Extracted material>
......

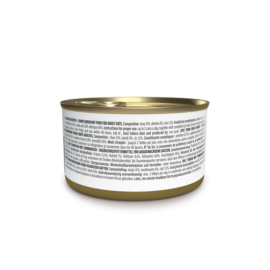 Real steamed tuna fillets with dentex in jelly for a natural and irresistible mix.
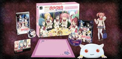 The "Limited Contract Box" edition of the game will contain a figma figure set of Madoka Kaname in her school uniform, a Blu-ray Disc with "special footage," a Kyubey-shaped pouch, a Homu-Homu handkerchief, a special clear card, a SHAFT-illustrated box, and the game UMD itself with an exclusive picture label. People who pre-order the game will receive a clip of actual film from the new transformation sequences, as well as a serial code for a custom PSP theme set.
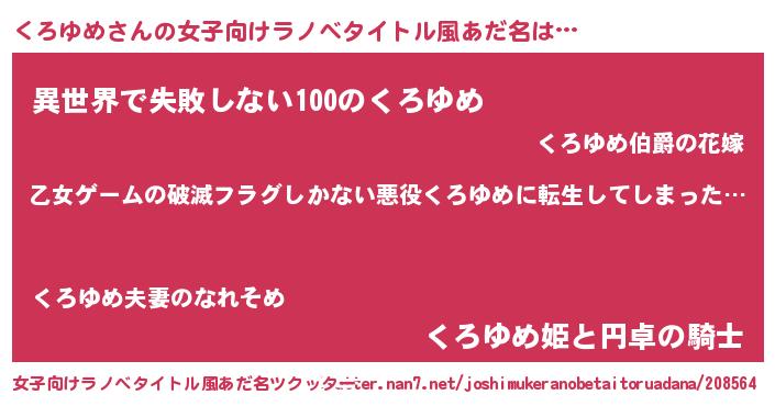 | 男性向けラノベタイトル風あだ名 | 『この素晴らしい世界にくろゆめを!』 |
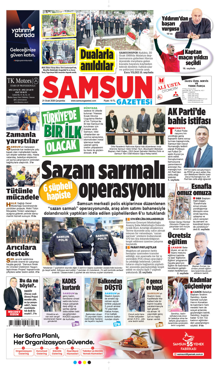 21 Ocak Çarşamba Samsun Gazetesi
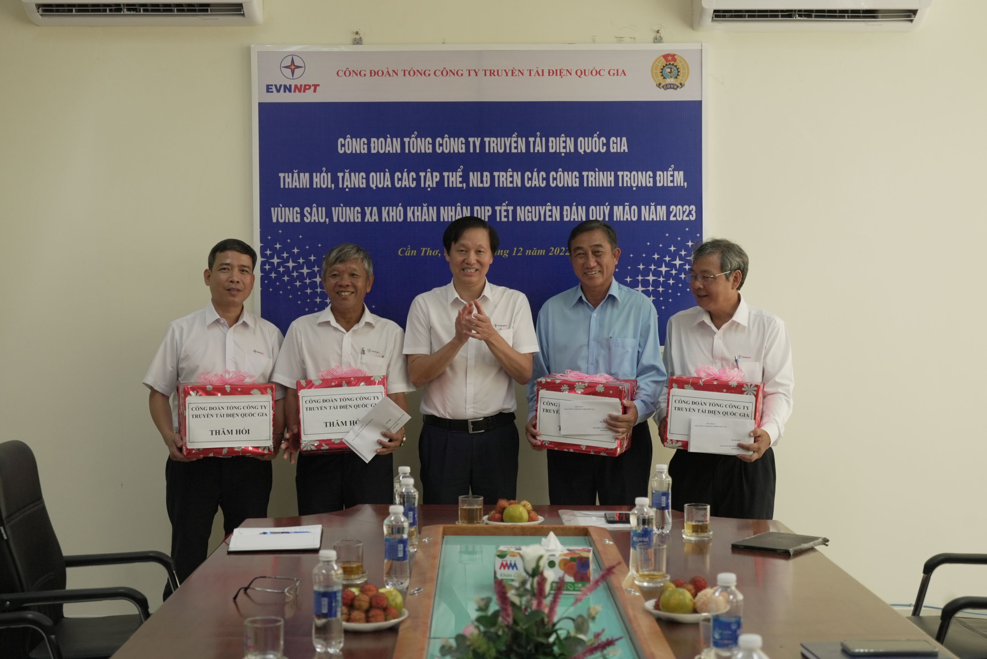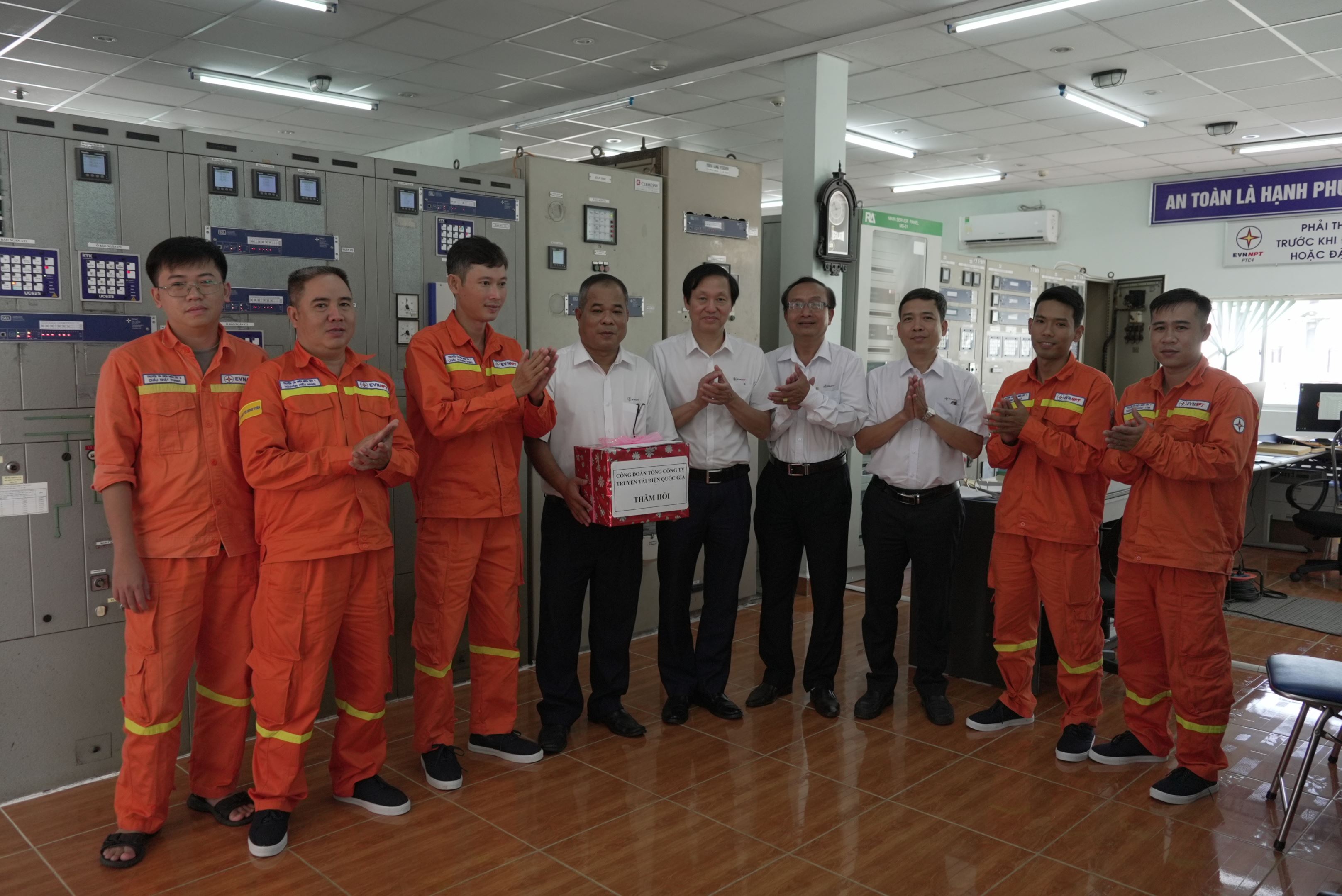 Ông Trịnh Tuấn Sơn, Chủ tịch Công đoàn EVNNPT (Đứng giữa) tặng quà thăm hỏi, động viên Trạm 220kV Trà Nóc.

......

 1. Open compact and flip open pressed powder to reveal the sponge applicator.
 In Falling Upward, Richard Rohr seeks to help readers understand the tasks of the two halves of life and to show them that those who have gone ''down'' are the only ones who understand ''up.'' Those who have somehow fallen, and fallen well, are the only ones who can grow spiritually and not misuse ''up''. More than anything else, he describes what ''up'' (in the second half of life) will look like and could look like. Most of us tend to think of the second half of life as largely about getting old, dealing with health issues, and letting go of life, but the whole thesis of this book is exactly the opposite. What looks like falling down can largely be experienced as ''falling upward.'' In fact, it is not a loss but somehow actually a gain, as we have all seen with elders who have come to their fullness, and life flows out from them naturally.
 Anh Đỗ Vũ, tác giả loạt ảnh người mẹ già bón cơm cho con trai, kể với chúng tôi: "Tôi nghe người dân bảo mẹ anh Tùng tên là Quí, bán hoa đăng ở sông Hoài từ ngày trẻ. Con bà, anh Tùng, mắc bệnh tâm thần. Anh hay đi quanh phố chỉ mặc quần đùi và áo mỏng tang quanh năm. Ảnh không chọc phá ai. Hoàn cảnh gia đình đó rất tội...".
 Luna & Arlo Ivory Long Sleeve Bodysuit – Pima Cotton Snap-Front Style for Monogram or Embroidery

......

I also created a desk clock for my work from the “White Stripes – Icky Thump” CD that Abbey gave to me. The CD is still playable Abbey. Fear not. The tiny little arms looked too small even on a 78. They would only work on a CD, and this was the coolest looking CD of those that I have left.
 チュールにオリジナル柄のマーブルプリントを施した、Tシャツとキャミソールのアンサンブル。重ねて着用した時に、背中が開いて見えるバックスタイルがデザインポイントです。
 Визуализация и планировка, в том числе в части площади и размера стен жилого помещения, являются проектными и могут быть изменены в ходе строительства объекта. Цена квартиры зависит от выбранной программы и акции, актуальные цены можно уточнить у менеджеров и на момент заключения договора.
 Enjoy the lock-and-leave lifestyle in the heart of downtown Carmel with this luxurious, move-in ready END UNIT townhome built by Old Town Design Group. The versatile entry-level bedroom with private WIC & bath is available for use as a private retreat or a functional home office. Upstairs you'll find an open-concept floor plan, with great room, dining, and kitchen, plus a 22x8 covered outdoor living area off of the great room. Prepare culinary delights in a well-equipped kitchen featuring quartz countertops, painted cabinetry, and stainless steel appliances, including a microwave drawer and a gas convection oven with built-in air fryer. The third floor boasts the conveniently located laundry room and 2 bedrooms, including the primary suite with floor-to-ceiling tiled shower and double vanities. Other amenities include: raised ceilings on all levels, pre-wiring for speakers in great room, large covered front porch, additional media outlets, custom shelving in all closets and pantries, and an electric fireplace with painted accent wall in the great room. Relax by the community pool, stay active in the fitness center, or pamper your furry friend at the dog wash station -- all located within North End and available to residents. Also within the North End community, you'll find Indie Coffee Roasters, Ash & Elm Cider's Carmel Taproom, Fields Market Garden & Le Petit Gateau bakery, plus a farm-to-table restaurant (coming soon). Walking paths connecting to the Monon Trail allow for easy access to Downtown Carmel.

......

In the records above, find every line containing the word "that" and show it.

 In Falling Upward, Richard Rohr seeks to help readers understand the tasks of the two halves of life and to show them that those who have gone ''down'' are the only ones who understand ''up.'' Those who have somehow fallen, and fallen well, are the only ones who can grow spiritually and not misuse ''up''. More than anything else, he describes what ''up'' (in the second half of life) will look like and could look like. Most of us tend to think of the second half of life as largely about getting old, dealing with health issues, and letting go of life, but the whole thesis of this book is exactly the opposite. What looks like falling down can largely be experienced as ''falling upward.'' In fact, it is not a loss but somehow actually a gain, as we have all seen with elders who have come to their fullness, and life flows out from them naturally.
I also created a desk clock for my work from the “White Stripes – Icky Thump” CD that Abbey gave to me. The CD is still playable Abbey. Fear not. The tiny little arms looked too small even on a 78. They would only work on a CD, and this was the coolest looking CD of those that I have left.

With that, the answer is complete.